Introduction
The range keyword iterates over elements in a variety of built-in data structures. It provides a clean, idiomatic way to loop over slices, arrays, maps, and strings, automatically handling the iteration details.
The Code
// _range_ iterates over elements in a variety of
// built-in data structures. Let's see how to
// use `range` with some of the data structures
// we've already learned.
package main
import "fmt"
func main() {
// Here we use `range` to sum the numbers in a slice.
// Arrays work like this too.
nums := []int{2, 3, 4}
sum := 0
for _, num := range nums {
sum += num
}
fmt.Println("sum:", sum)
// `range` on arrays and slices provides both the
// index and value for each entry. Above we didn't
// need the index, so we ignored it with the
// blank identifier `_`. Sometimes we actually want
// the indexes though.
for i, num := range nums {
if num == 3 {
fmt.Println("index:", i)
}
}
// `range` on map iterates over key/value pairs.
kvs := map[string]string{"a": "apple", "b": "banana"}
for k, v := range kvs {
fmt.Printf("%s -> %s\n", k, v)
}
// `range` can also iterate over just the keys of a map.
for k := range kvs {
fmt.Println("key:", k)
}
// `range` on strings iterates over Unicode code
// points. The first value is the starting byte index
// of the `rune` and the second the `rune` itself.
// See [Strings and Runes](strings-and-runes) for more
// details.
for i, c := range "go" {
fmt.Println(i, c)
}
}
Range with Different Types
Range Over Slices and Arrays
nums := []int{2, 3, 4}
sum := 0
for _, num := range nums {
sum += num
}
When ranging over slices or arrays, you get two values per iteration:
- Index - the position in the slice/array
- Value - the element at that position
Use the blank identifier _ to ignore values you don’t need.
The blank identifier _ is used to ignore return values you don’t need. This is idiomatic Go and more explicit than creating an unused variable.
Getting Index and Value
for i, num := range nums {
if num == 3 {
fmt.Println("index:", i)
}
}
When you need both the index and value, capture both variables in the for loop.
Range Over Maps
kvs := map[string]string{"a": "apple", "b": "banana"}
for k, v := range kvs {
fmt.Printf("%s -> %s\n", k, v)
}
Ranging over a map yields key/value pairs. The first variable is the key, the second is the value.

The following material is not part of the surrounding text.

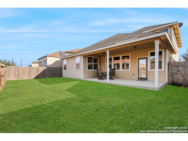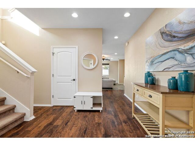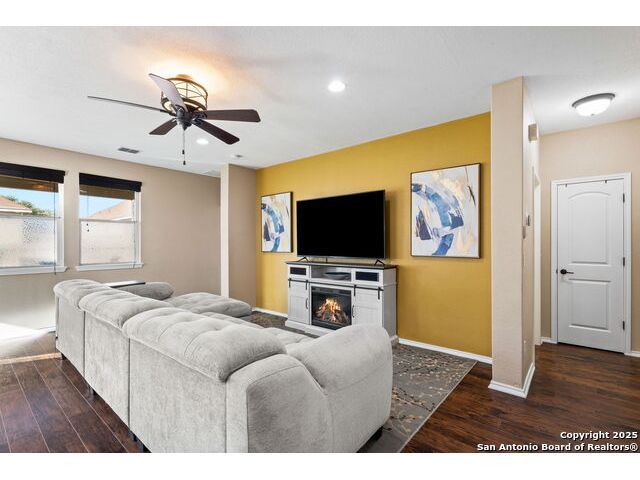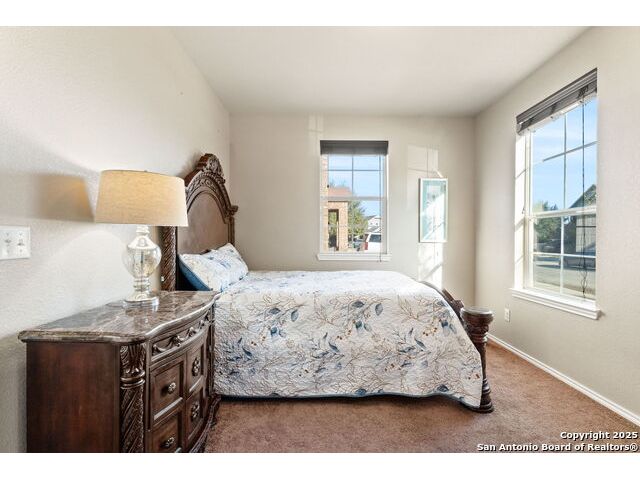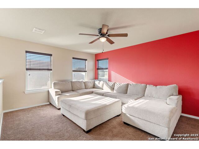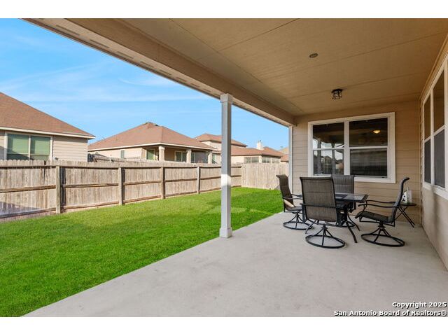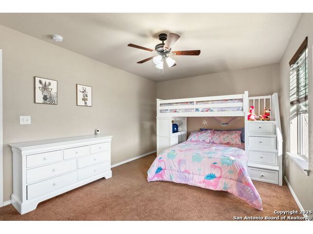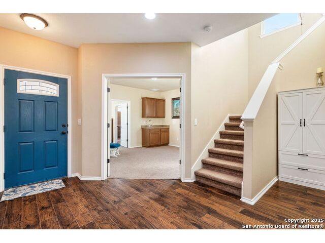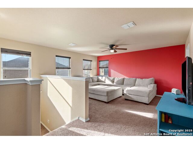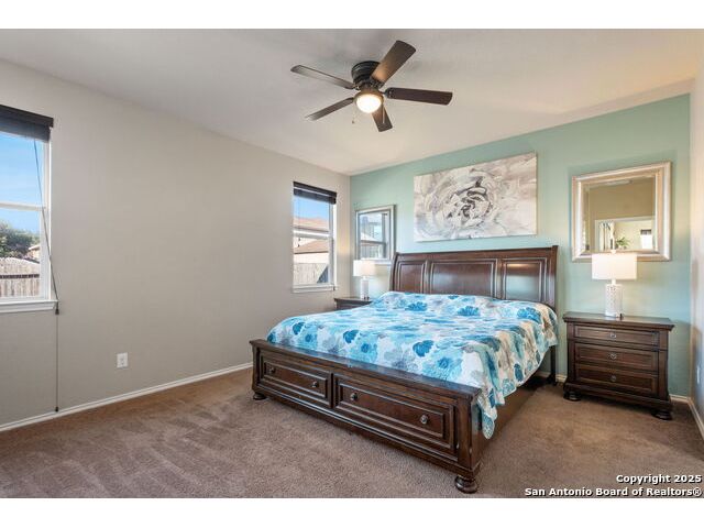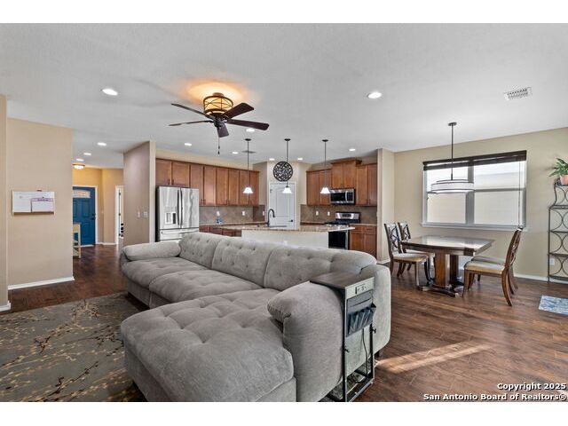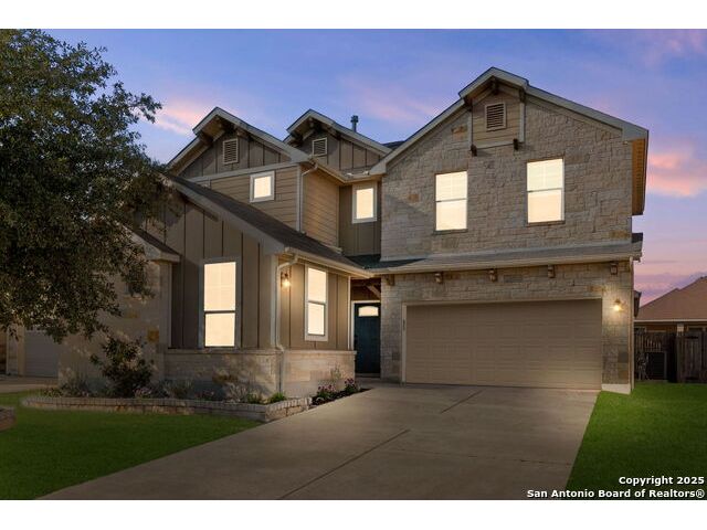 This spacious residence delivers a rare combination of versatility, comfort, and usable space in a quiet cul-de-sac setting. With high ceilings and recessed lighting this layout features a mother in law suite on the first floor complete with its own living area, providing exceptional flexibility for multi generational living. An additional guest suite upstairs as the property offers a total of five bedrooms along with generous closet space in each room. The primary room is located on the main level, while the upstairs game room adds the perfect spot for entertainment or relaxation. The kitchen offers stainless steel appliances, a large granite kitchen island, and a spacious breakfast bar ideal for casual dining. Outdoor living is well supported with a covered patio, a privacy fence, and the added convenience of a dog septic tank. Energy efficient features include a programmable thermostat and double pane windows, contributing to comfort and lower utility use. The location provides a short commute to Randolph Air Force Base and Fort Sam with easy access to Loop 1604.

Map iteration order is not guaranteed and may vary between runs. Don’t rely on maps being iterated in any particular order.
Range Over Map Keys Only
for k := range kvs {
fmt.Println("key:", k)
}
If you only need the keys, use a single variable. The values are not computed or returned.
Range Over Strings
for i, c := range "go" {
fmt.Println(i, c)
}
// Output:
// 0 103 (g)
// 1 111 (o)
Ranging over a string iterates over Unicode code points (runes), not bytes:
- First value (
i): Starting byte index of the rune
- Second value (
c): The rune itself as an int32
For multi-byte UTF-8 characters, the byte index may not increment by 1 each iteration. For example, ‘世’ takes 3 bytes, so indices might be 0, 3, 6, etc.
Range Patterns
| Pattern | Syntax | Use Case |
|---|
| Value only | for _, v := range slice | Process each element |
| Index and value | for i, v := range slice | Need position info |
| Index only | for i := range slice | Just need positions |
| Key and value | for k, v := range map | Process map entries |
| Key only | for k := range map | Just need keys |
| Rune iteration | for i, c := range str | Process Unicode characters |
Range Return Values Summary
| Data Structure | First Value | Second Value |
|---|
| Slice/Array | Index (int) | Element value |
| Map | Key | Value |
| String | Byte index (int) | Rune (int32) |
| Channel | Element value | (none) |
Common Range Patterns
Filtering a Slice
var evens []int
for _, num := range nums {
if num%2 == 0 {
evens = append(evens, num)
}
}
Finding in a Slice
found := false
for _, item := range items {
if item == target {
found = true
break
}
}
doubled := make([]int, len(nums))
for i, num := range nums {
doubled[i] = num * 2
}
Collecting Map Keys
keys := make([]string, 0, len(m))
for k := range m {
keys = append(keys, k)
}
Important Notes
The value returned by range is a copy of the element, not a reference to it. Modifying the loop variable won’t change the original collection.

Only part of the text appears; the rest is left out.